If elevator lobbies become firmly associated with AEDs in the public mind, a foundation is there on which to anchor an AED Registry, and to trim back wasted vehicle sorties by large fire trucks, redundant ambulances etc. The costs savings that will occur once EMS vehicular services can be rationalized will pay for any number of AEDs, as required.
The toll up to now of premature death and brain damage is obviously incalculable.
CPR training equates to personal education:
- The presence of an AED in the lobby will evoke discussion while awaiting the elevator.
- It is an easy matter to place a comprehensive manual in every mailbox, annually.
- Dedicated websites can go through the rescue procedures to any detail level.
- Seminars and CPR training can be scheduled at regular intervals within each building.
A good example of how AED awareness can spread through the community can be read here, whereby an iPhone app alerts nearby CPR people. The compact, common features of high rises make heart safety expertise easy and affordable to obtain, and the residents can be expected to embrace this network as a shared amenity, knowing it is there for their health interests alone.
In-suite security completes the fabric
One limitation remaining to address is the fact that 85% of SCA’s occur in the home, and a large fraction of these are not witnessed. Cellular alerts grant high rise people, living or working alone, one last wish at this moment.
Cell phone applications allow one-button pressing to alert 6 to 10 people within the building complex. Thus, someone in crisis has one last option at hand to alert that volunteer network, even if nobody else is there to witness their incident. Even with just 5-10 seconds before losing consciousness, these victims nonetheless can be accessed and resuscitated in time.
This wireless technology can intervene with any heart attack, stroke or serious falling incident – and offers broad protection against these principal hazards and other trauma. Building complexes can become tidy heart havens if we want them to be – with radical savings in lives, medical treatment, and EMS resources.
Summary – Converting to a HeartSmart™ Community
Tandem AED/EMS will raise building complexes from ‘unsafe’ to ‘safest’ status, and deftly repair this physical gap in EMS services. Indeed, any building adjacent to a high rise protected by this topology can share its single AED, and share volunteers from/to their surrounding footprint.
Once mandated (and there is no reason why municipalities could not amend their existing fire codes today) these AED-smart communities will mature independent of EMS and health care funding, freeing the AED phenomenon to at last find fruition on its own merits, via the same folks it will protect.
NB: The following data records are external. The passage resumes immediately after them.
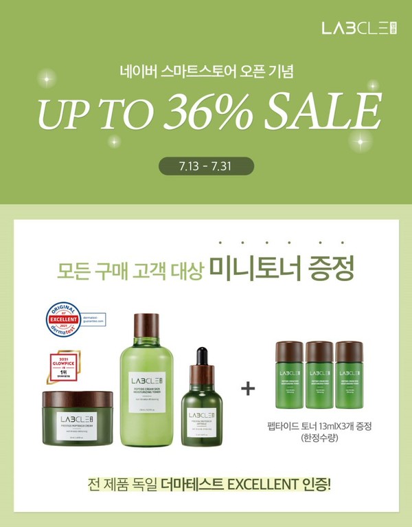 이번 인증에 힘입어 현대약품은 네이버 스마트스토어를 오픈하고 랩클 펩타이드 화장품 3종 세트에 대한 할인 프로모션을 진행한다.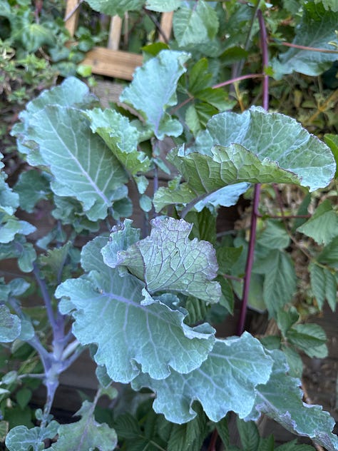 The kale, still vibrant in summer heat, has taken on a new role. One long leaf in particular has become a favorite among the younger children, dubbed the “kale popsicle.” They munch on it joyfully as they explore in the garden.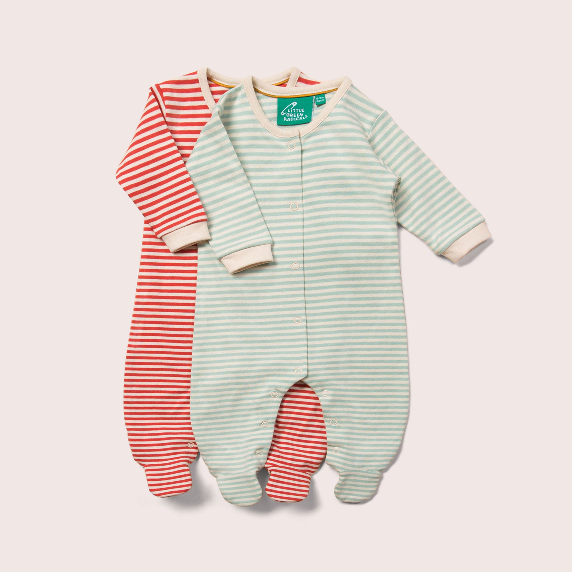 Red & Blue Striped Organic Babygrow Set - 2 Pack

Not simply an incremental improvement – SCA survival is expected to be an order of difference higher – it represents a complete sea change in pro-active heart safety, and a cornerstone within any AED Registry, heart surveillance or NG 9-1-1 scheme.
At this stage AED/EMS need not be foisted onto fire department administrators as a sole plan of action. CPR communities and trainers are there for precisely this purpose – and they can rightly be granted every opportunity to proudly perform as neighbors and citizens.
Thereafter, if a paramedic arrives at the ten minute mark, to consolidate the rescue and transport the patient to hospital, start hypothermia – and all aftercare – the patient will have a 75+% chance of survival without brain damage. It will be OK, too, if the ladder and pumper trucks remain at the fire hall. The NG 9-1-1 dispatcher will note that this high rise has a networked AED, and instead may assign a 9-1-1 SCA specialist to support the assisting parties if needed, or connect to live medical direction.
This SCA will still be a grave emergency, yes. But a patient 95% doomed by an overstretched response time from a single responding agency? – not any more.